A basic input sanitizer — pattern matching plus risk scoring to catch the obvious stuff

Second Layer: Output Validation

In practice, some injections will get through your input filters. That's just reality. So you need to inspect what comes out the other side too. Check outputs against expected formats, scan for leaked system prompts or sensitive data, make sure tool calls stay within allowed boundaries, and run a separate classifier to flag suspicious responses. Think of it as a safety net for when your first line of defense has a bad day.

Third Layer: Privilege Separation

This one is huge and often overlooked. Follow the principle of least privilege religiously. Every agent and tool should have the absolute minimum permissions needed to do its job. Critical operations should always require explicit user confirmation — no matter what the model says. Scope network access, file system access, and API credentials as tightly as you can. And run your agents in sandboxed environments so a compromised model can't take down the whole system.

Putting It All Together: Defense in Depth

No single layer will save you. The real power comes from combining everything — input sanitization, output validation, privilege separation, monitoring, and rate limiting. Each layer catches what slips through the others. You want your security posture to degrade gracefully, not collapse like a house of cards when one defense fails.

python

class DefenseOrchestrator:
    def __init__(self):
        self.input_sanitizer = InputSanitizer()
        self.output_validator = OutputValidator()
        self.permission_checker = PermissionChecker()
        self.rate_limiter = RateLimiter(max_actions=10, window_seconds=60)
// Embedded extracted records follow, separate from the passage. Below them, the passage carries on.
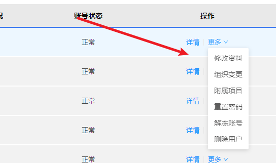 点击详情可查看人员详情--包含人员信息、教育档案、实名信息、银行卡、门禁授权等。 点击更多可对管理人员进行一系列操作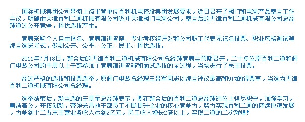 天津百利二通機械有限公司實現(xiàn)電裝產(chǎn)業(yè)整合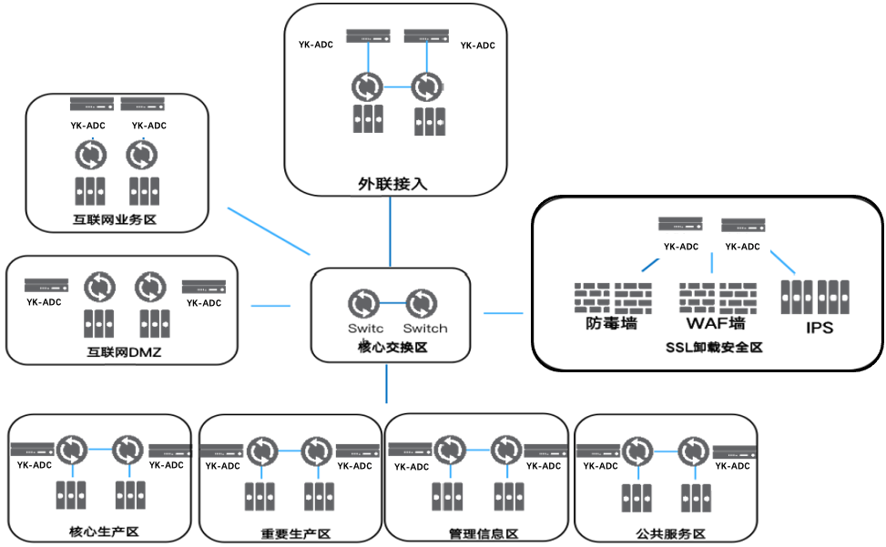 2、網(wǎng)銀接入LLB+GSLB結合,完美解決進站出站流量多鏈路負載、雙中心智能調(diào)度,智能聚合多條運營商鏈路,整合雙中心應用系統(tǒng)資源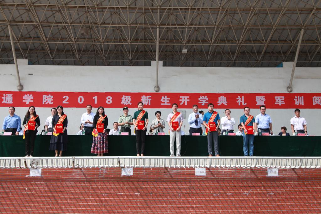 唐勇宣读《中共山东交通学院委员会关于表彰师德标兵的通报》和《关于表彰2018级新生优胜连队、军训标兵的通报》,在主席台就坐的领导向受表彰的先进集体和个人颁发荣誉证书。
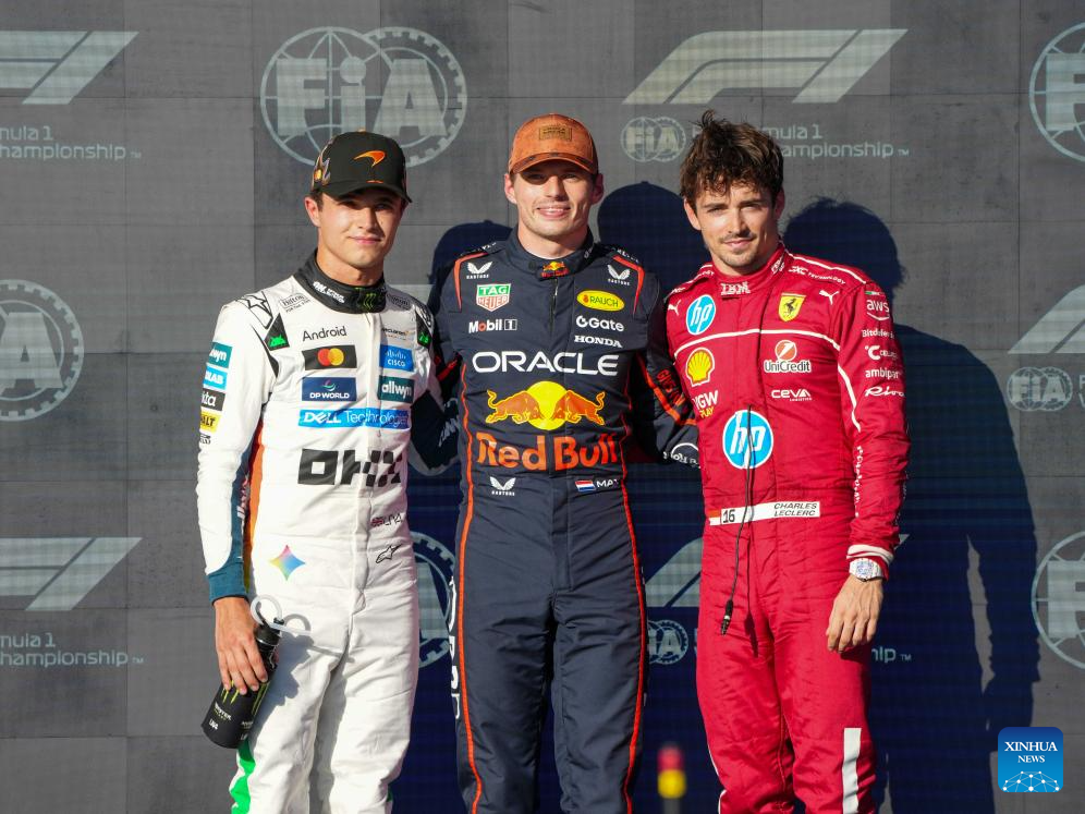 First-placed Red Bull's Dutch driver Max Verstappen (C), second-placed McLaren's British driver Lando Norris (L) and third-placed Ferrari's Monegasque driver Charles Leclerc pose after the qualifying session for the Formula One United States Grand Prix, in Austin, Texas, the United States, Oct. 18, 2025. (Photo by Xu Mingnan/Xinhua)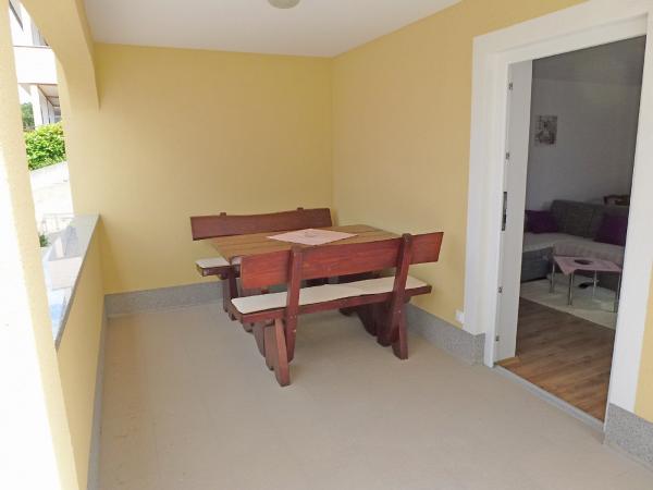 Nowo wybudowany dom rodzinny, położony powyżej centrum w spokojnej części miasta przy bocznej uliczce. Jest to około 10 minut spacerem od centrum i plaży. Dom jest dobrze ocieplony, o czym świadczy certyfikat energetyczny oznaczony B. Apartamenty są dobrze wyposażone, aby zapewnić przyjemny pobyt i mają zadaszone tarasy z pięknym widokiem na morze, las i góry. Zwierzęta na życzenie.

    async def process_request(self, user_input: str, context: dict) -> Response:
        # Layer 1: Input sanitization
        cleaned_input, risk_score = self.input_sanitizer.sanitize(user_input)
        if risk_score > 0.7:
            return Response.blocked("Input flagged as potential injection")

        # Layer 2: Rate limiting
        if not self.rate_limiter.allow(context["user_id"]):
            return Response.blocked("Rate limit exceeded")

        # Layer 3: Generate response with constrained context
        response = await self.llm.generate(cleaned_input, context)

        # Layer 4: Output validation
        validated = self.output_validator.validate(response, context)
        if not validated.safe:
            return Response.blocked("Output failed safety validation")

        # Layer 5: Permission check for any tool calls
        for tool_call in response.tool_calls:
            if not self.permission_checker.allowed(tool_call, context):
                return Response.blocked(f"Unauthorized action: {tool_call.name}")

        return validated.response

The full defense orchestrator — five layers working together to keep things locked down

Monitoring: Your Eyes and Ears

Even with all these defenses, you need eyes on the system. Log every input, output, and tool call for post-hoc analysis. Set up alerts for the weird stuff — unusually long inputs, unexpected tool calls, one user hammering your API, or outputs containing patterns that look like leaked secrets. And build circuit breakers into your system. When something goes wrong, you want to instantly revoke agent permissions and fall back to safe defaults. Don't wait for a human to notice.

Warning

Don't rely on the LLM itself to detect prompt injection. The same thing that makes models vulnerable — their eagerness to follow instructions in context — also makes them terrible judges of whether their own context has been compromised.

What's Next?

The cat-and-mouse game between attackers and defenders will keep evolving as LLMs get more capable and more deeply woven into critical systems. There's promising research happening — formal verification of LLM outputs, hardware-level isolation for AI workloads, and architectures that fundamentally separate instruction processing from data processing. But we're not there yet. For now, defense in depth is your best bet. Layer your defenses, assume each one will eventually fail, and design your system to handle that gracefully.